• _Problem details_: Print the records below exactly, from the line containing "Men's Maroon Georgette" down to the line containing "مصباح معلق يجمع", both lines included, and omit every picture.

• _Information shown_:

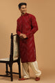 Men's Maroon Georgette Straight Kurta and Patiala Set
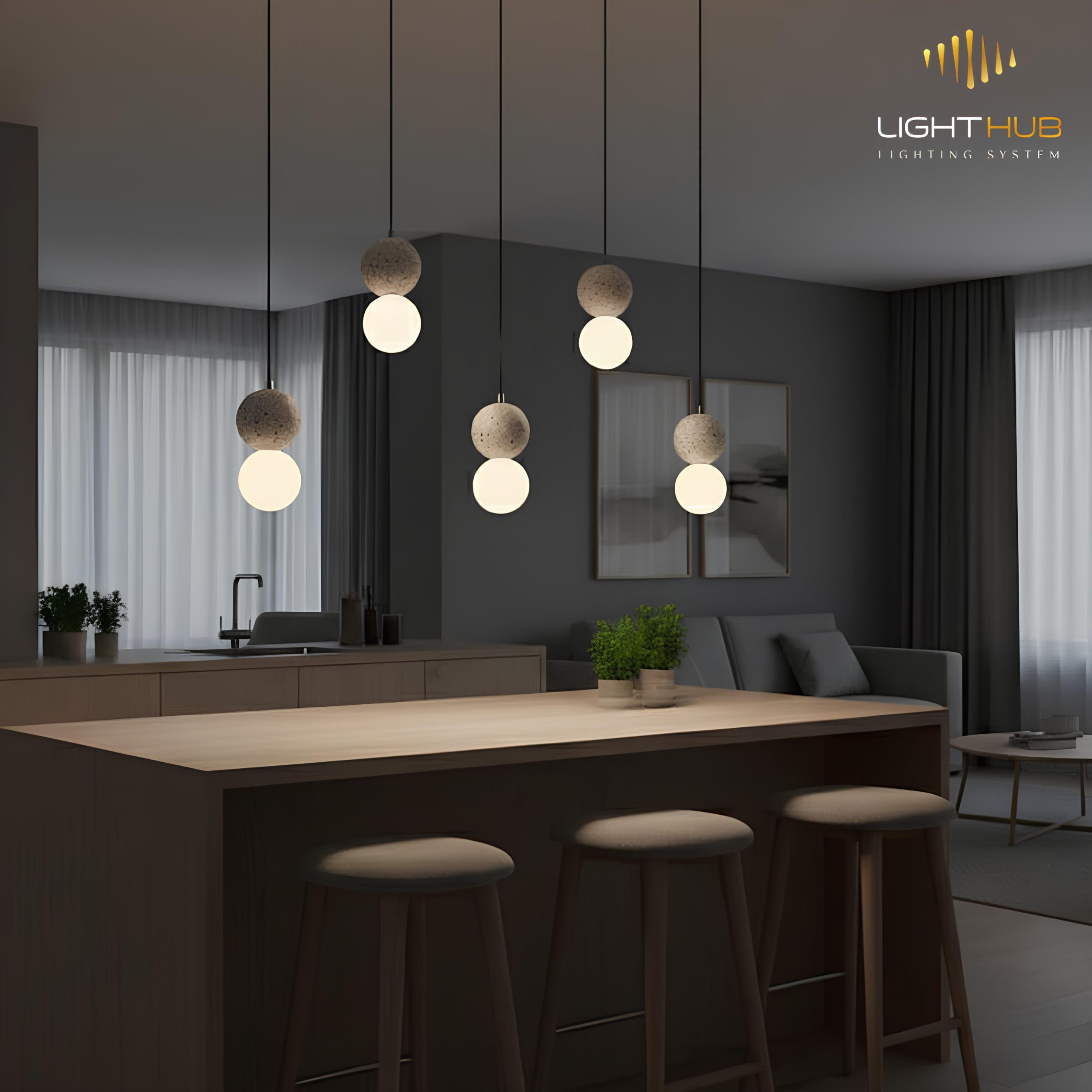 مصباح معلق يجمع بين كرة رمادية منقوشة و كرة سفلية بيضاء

* * *

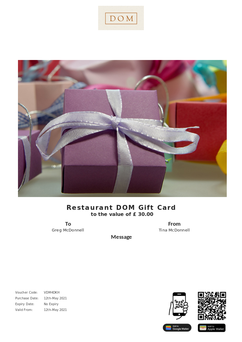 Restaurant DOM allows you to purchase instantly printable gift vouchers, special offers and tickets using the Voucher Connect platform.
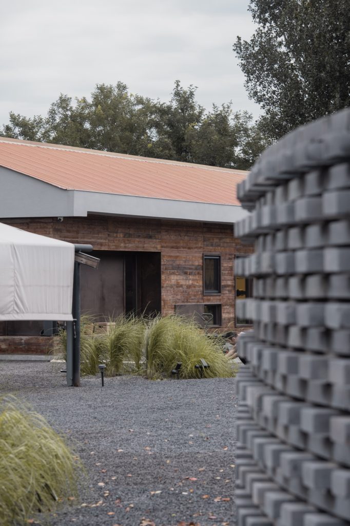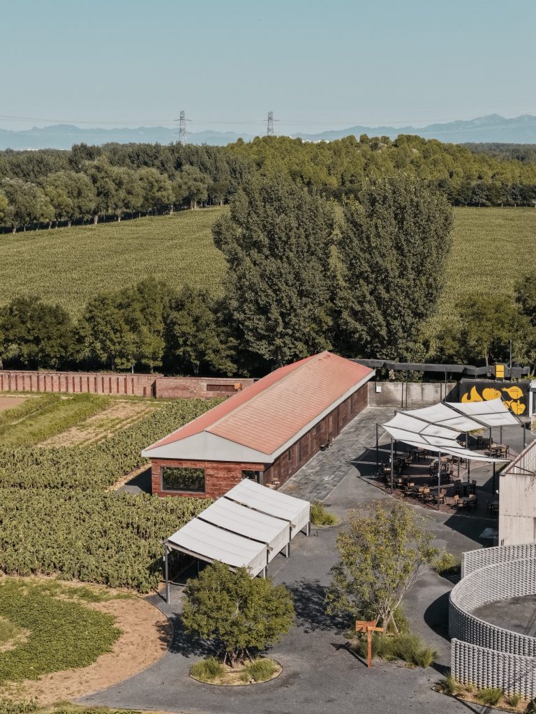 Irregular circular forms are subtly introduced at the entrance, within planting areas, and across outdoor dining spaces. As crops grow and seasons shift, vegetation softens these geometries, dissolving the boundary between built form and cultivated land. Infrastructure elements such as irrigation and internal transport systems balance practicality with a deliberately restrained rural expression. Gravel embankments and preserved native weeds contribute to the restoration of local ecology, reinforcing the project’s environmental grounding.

• _Response to this task_:
 Men's Maroon Georgette Straight Kurta and Patiala Set
 مصباح معلق يجمع بين كرة رمادية منقوشة و كرة سفلية بيضاء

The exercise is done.